To sum up, the plight Zambia is facing includes the tight financial deficit of the government, the uncertain recovery process of national pillar industries, and the fragility of the country’s financial sector.

Whereas for sure, Zambia will not be able to get rid of its debt crisis without international collaboration. Therefore, the international reaction is becoming one of the determining factors in solving Zambia’s debt crisis.

Furthermore, international support and understanding from creditors will contribute to the solution of Zambia’s debt dilemma.

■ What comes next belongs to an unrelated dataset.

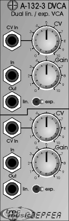 Le Module A-132-3 est composé de 2 VCA (Ampli Contrôlé en Tension)strictement identiques. Chaque VCA est équipé d'un bouton pour le gain, d'une entrée CV avec son bouton d'atténuation. La réaction du contrôle peut être choisi entre linaire et exponentiel. Les entrée VCA peuvent être utilisés pour un signal audio ou une tension de contrôle. All inputs and outputs are DC coupled. Les entrée n'ont pas d'atténuateurs mais acceptent des tensions de 16Vss (de -8V à +8V) sans distorsion. 2 in audio et cv. 2 out audio et cv. 2 cv in.

But also release the Zambian government’s pressure on key economic indexes like the economic growth rate and sovereign debt ratio to national GDP.

Appropriate international collaboration can also enhance the confidence of international investors. External investment can become a kind of impetus to accelerate Zambia’s economic cycle, significantly when Zambia is deeply affected by an unoptimistic credit rating globally.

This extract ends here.